• La presidenta mexicana recordó que la relación con el exembajador de EE. UU. se pausó públicamente por injerencia; destaca que el diplomático descartó nexos de Rubén Rocha con el crimen organizado.

La presidenta de México, Claudia Sheinbaum, abordó públicamente la tensión diplomática heredada de la administración anterior respecto al exembajador de Estados Unidos en México, Ken Salazar, confirmando que la llamada “ley del hielo” o pausa en las relaciones fue una medida abierta y justificada tras la polémica captura de Ismael ‘El Mayo’ Zambada.

Al ser cuestionada en su conferencia de prensa matutina, la mandataria aclaró que los límites institucionales frente a la representación de Washington se establecieron de forma transparente ante lo que se consideró una intromisión en la soberanía nacional.

“Fue público que se puso en pausa la relación con el embajador por posible injerencia de Estados Unidos.

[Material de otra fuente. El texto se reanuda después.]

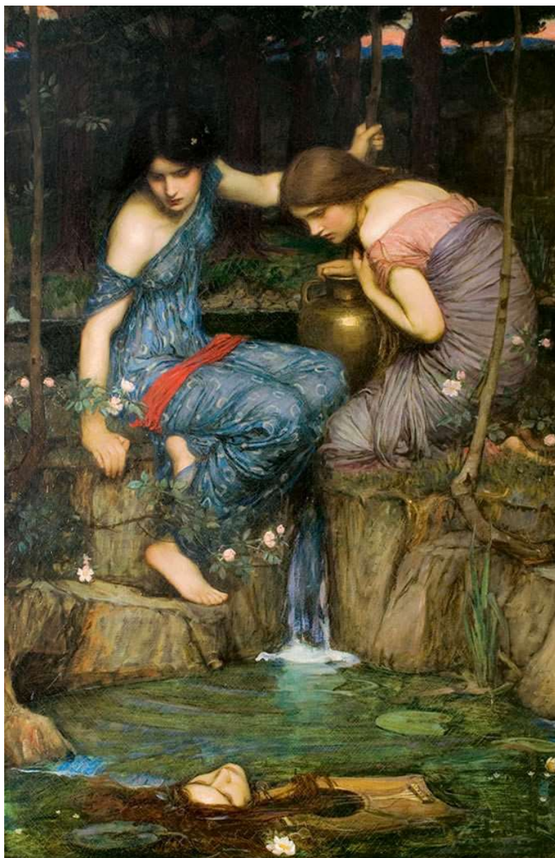
Figura 3: John William Waterhouse (1849 – 1917) — Ninfas encontrando a cabeça de Orfeu (1900), óleo sobre tela.
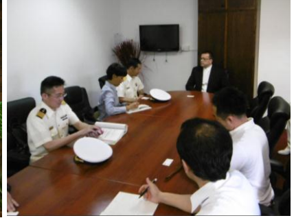
司法長官表敬・意見交換
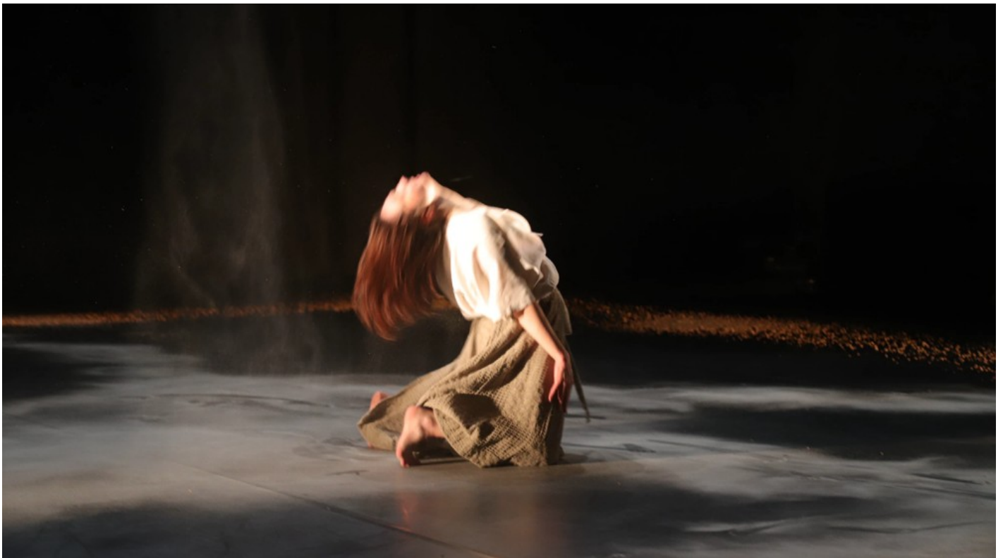
Нехай тіло говорить: відновлення громади
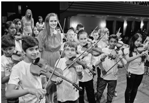
Höhepunkt des Klassenmusizierens: das grosse Konzert mit Heidi Happy.

Die Instrumente, die die Kinder von MKZ gratis zur Verfügung gestellt erhalten, werden zu einem grossen Teil durch Drittmittel finanziert. Auch für 2013 darf wieder mit namhaften Sponsoren- und Gönnerbeiträgen gerechnet werden, u. a. auch von der Förderstiftung MKZ. Um das Klassenmusizieren breiteren Kreisen bekannt zu machen und den musizierenden Kindern und ihren Familien ein unvergessliches Konzerterlebnis zu vermitteln, veranstaltete MKZ Ende Mai im Volkshaus das zweite Benefizkonzert mit 200 musizierenden Kindern. Star-gast war die Sängerin und Komponistin Heidi Happy, die eigens für diesen Anlass drei neue Songs geschrieben beziehungsweise arrangiert hatte und mit den Kindern zur Uraufführung brachte.
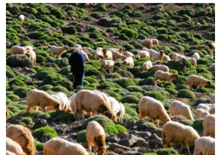
Unterwegs treffen wir Schäfer mit ihren Herden

Mobiltelefone/Strom: Im Hohen Atlas gibt es immer wieder Empfang (Roaming). Während der Tour gibt es keine Möglichkeiten, Fotoapparate oder Mobiltelefone aufzuladen. Wir empfehlen daher bei Bedarf die Mitnahme von Zusatzakku bzw. Powerbanks.
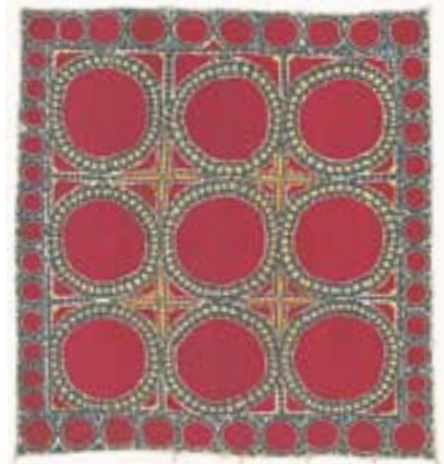
Paliak de Tachkent (env. 145 x 200 cm). Motif appelé Oi-Paliak (Oi = lune, Paliak = voûte céleste). Le fond est presque entièrement recouvert d'immenses lunes brodées en soie rouge vif séparées par des croix jaunes.

On ne pourrait qu'applaudir leurs efforts si ces broderies n'étaient pas vieillies artificiellement afin d'alimenter
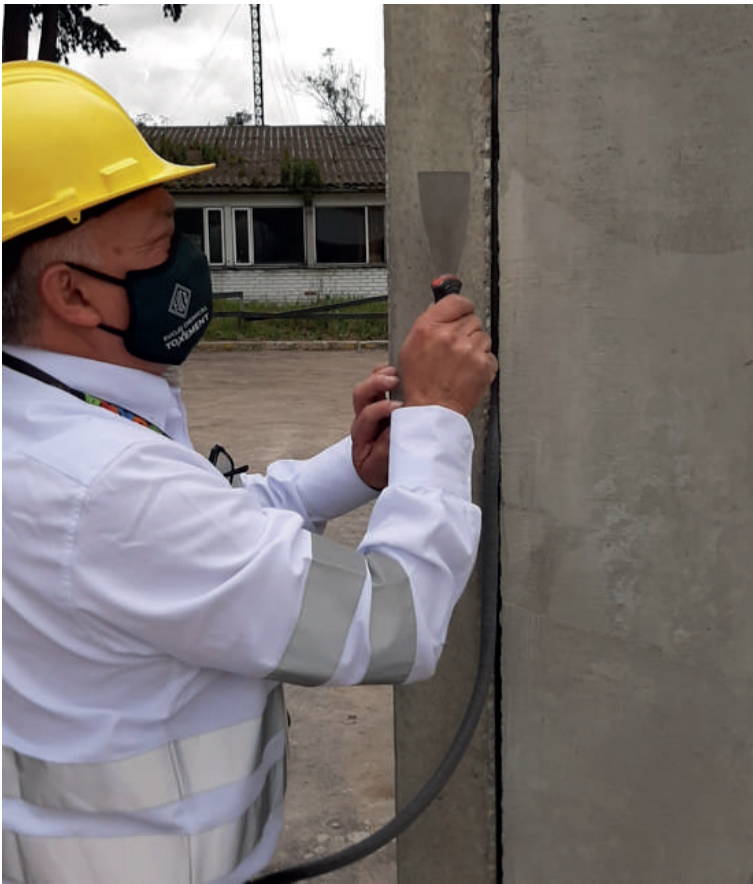
Figura 3. Colocación del cordón de respaldo SELLASIL SOPORTE
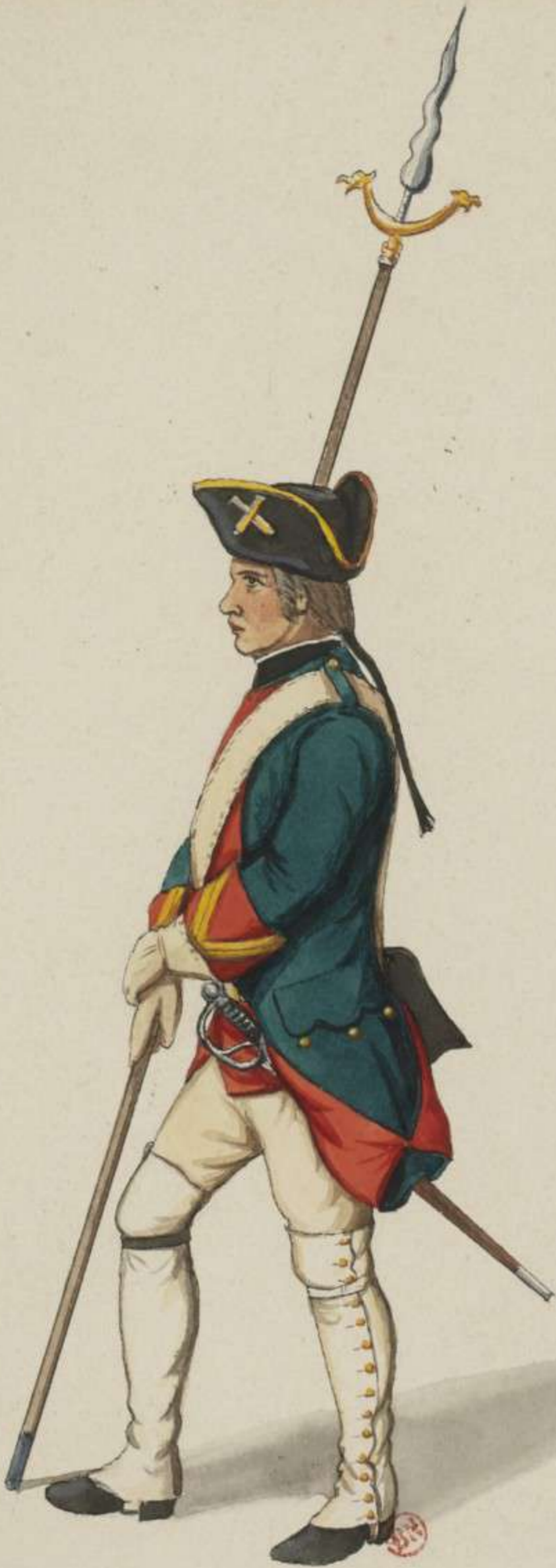
28°- Fuss Artillerie mit Luntenspiess
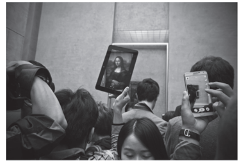
Egilea: Manuel Navarro.
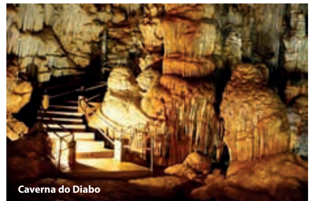
Caverna do Diabo
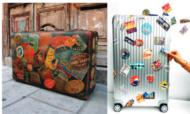
Fig.1 Exemplo de bagagem de viagem e posterior customização pela Rimowa.
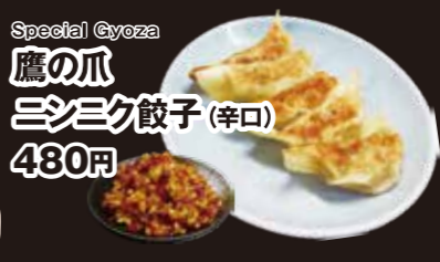
鷹の爪 ミノク餃子 (辛口) 480円
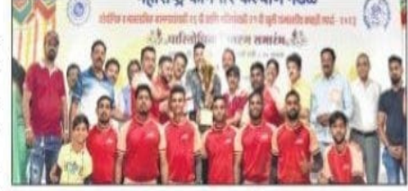
जेएसडब्ल्यू ग्रामीण विजेता संघ

No es si estamos o no conformes sino lo que él dice”, aseguró la jefa del Ejecutivo federal.

Ken Salazar descarta nexos de Rubén Rocha Moya con el narco

A pesar de los roces previos provocados por la operación unilateral del FBI en territorio mexicano, Sheinbaum calificó como “interesantes” las declaraciones más recientes ofrecidas por Ken Salazar en una entrevista. La presidenta destacó de manera particular que el propio exembajador estadounidense desestimara las versiones que vinculan al gobernador con licencia de Sinaloa con estructuras delictivas.

“Hay varias cuestiones interesantes en la entrevista, él dice que no tenía ningún indicio de que el gobernador de Sinaloa estuviera involucrado con el crimen”, subrayó la mandataria ante los medios de comunicación.

El tablero político: Sinaloa y la relación bilateral

Esta postura de la administración federal busca estabilizar el frente político en torno a Rubén Rocha Moya, quien se encuentra bajo una intensa auditoría mediática y ciudadana tras la caída de ‘El Mayo’ Zambada y el homicidio del político Héctor Melesio Cuén.

Al usar las declaraciones de Salazar como un argumento de validación externa, el Gobierno de la llamada Cuarta Transformación (4T) busca desactivar los señalamientos de la oposición y de analistas políticos que acusan presuntas redes de complicidad en el estado norteño, al tiempo que mantiene una postura de firmeza y exigencia de respeto mutuo en la agenda bilateral con la Casa Blanca.